In contrast, a researcher without bias may quickly pivot or abandon a direction when results are not immediately promising. This may indeed be more optimal if one only looks at the individual level, but not at the community level. If all researchers were “unbiased” in this way, there would not be any deep exploration leading to groundbreaking work.

These biases, coupled with the high variance of each researcher’s path due to their rich experience, make our current scientific ecosystem extremely effective in advancing discovery. High bias enables deep exploration within an individual; high variance enables wide exploration across individuals. The beauty of scientific discovery is that we do not care about the average — we care only about the maximum. We build on top of the calculus from Newton and the relativity from Einstein, not the math or physics understanding of the average citizen.

Therefore, one must abandon the traditional mindset that unbiased, minimal variance is good. Both bias and variance are good in AI-for-Science methods. The current Science Factory regime is an unbiased method — every agent has a generic role and instruction assigned, without any persistent bias that enables the long-term discovery of a direction. We should design agents to be biased and have a high-variance path. This can be made possible by letting agents develop their own paths — by giving them a high degree of autonomy in a dynamic world. The long accumulation of context, along with interaction with a dynamic world, is sufficient to ensure a high-bias and high-variance research journey.

Scalability

We often talk about scalability, but one must be prudent and ask: scalable with respect to what? In AI-for-Science, when we talk about scalability, there should be two main dimensions.

First is scientific discovery w.r.t. compute. Can we scale scientific discovery with the computational budget? Most work nowadays lacks this. As long as human collaboration or verification is needed, human effort will become the bottleneck. So for this dimension, independence is necessary, meaning the method must produce verifiable output without human help. However, even without human help, a method can still be non-scalable. For example, in the Science Factory method, one may be able to generate new ideas from the recombination of existing ones, but this is ultimately limited regardless of how many compute hours we invest, as there is no new knowledge creation. To be scalable w.r.t. compute, the method must be: (1) independent (no human guidance/verification needed), and (2) biased with high variance to lead to the creation of new knowledge. Combined, we can invest compute to run massive-scale instances in parallel — the high variance ensures a few instances generate groundbreaking results while the independence ensures easy filtration of these results without human verification.

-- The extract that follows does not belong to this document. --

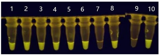 Figure 5. Detection results from colony sample analysis. Tubes 1–6 and 8: DNA from bacterial colonies; tube 7: DNA from MAP-positive fecal sample; tube 9: negative control; tube 10: positive control.

The second dimension is model capacity. Can scientific discovery scale w.r.t. model capacity? When a new AI model is released, will the method improve? Imagine forcing Einstein to work as a code improver in a Science Factory — his intelligence would be essentially wasted. Autonomy is needed to be scalable w.r.t. model capacity; as models become more powerful, less handholding is needed. A method that relies on handholding and rigid pipelines is doomed to be non-scalable in this regard.

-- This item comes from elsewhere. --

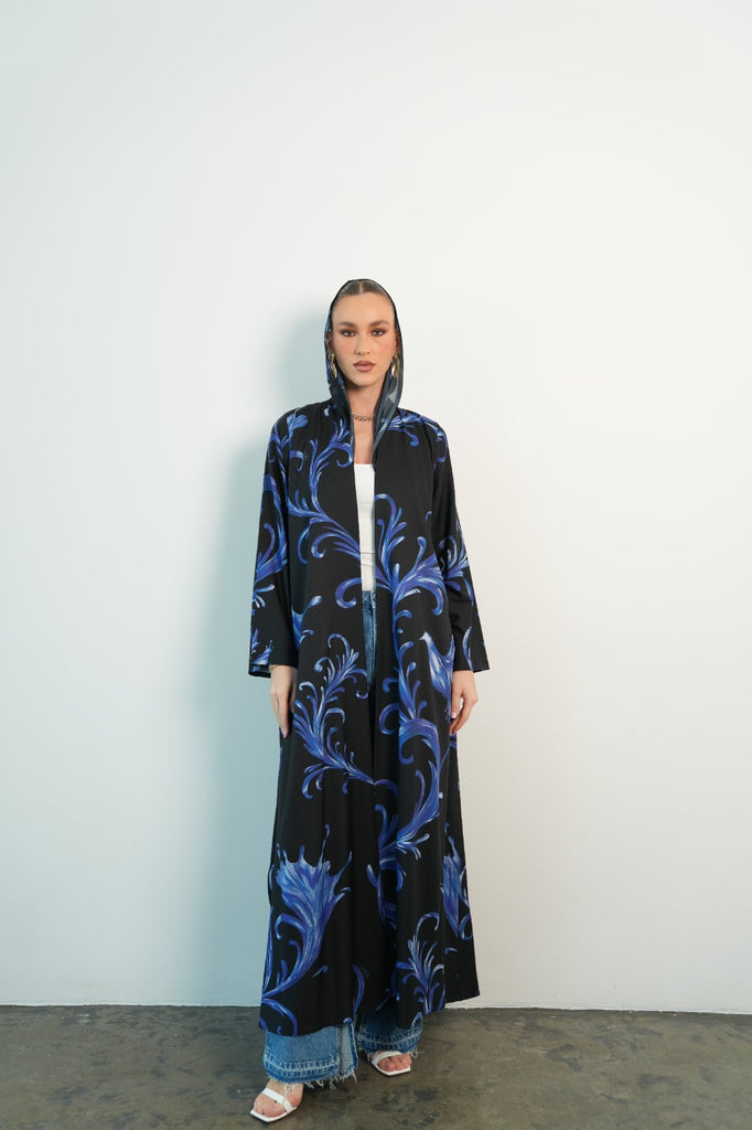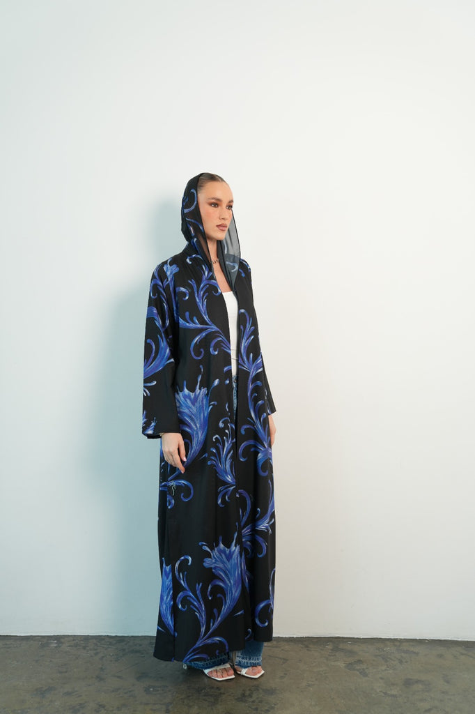 purple printed fabric abaya, comes with matching one side printed sheila.

Fig 1: Illustration of the path to scalable AI for science.

Conclusion

AI for Science holds great promise for our civilization, but it will easily lead to hype and a bubble with the wrong methodology and directions. We must be scientific ourselves when designing AI-for-Science methods. We should abandon the traditional mindset of handcrafting pipelines for agents and instead embrace autonomy and emergent behavior, as science flourishes in an open-world environment with diverse stories, not a factory. Only with the correct methodology and direction can one realize the goal of scalable AI for Science.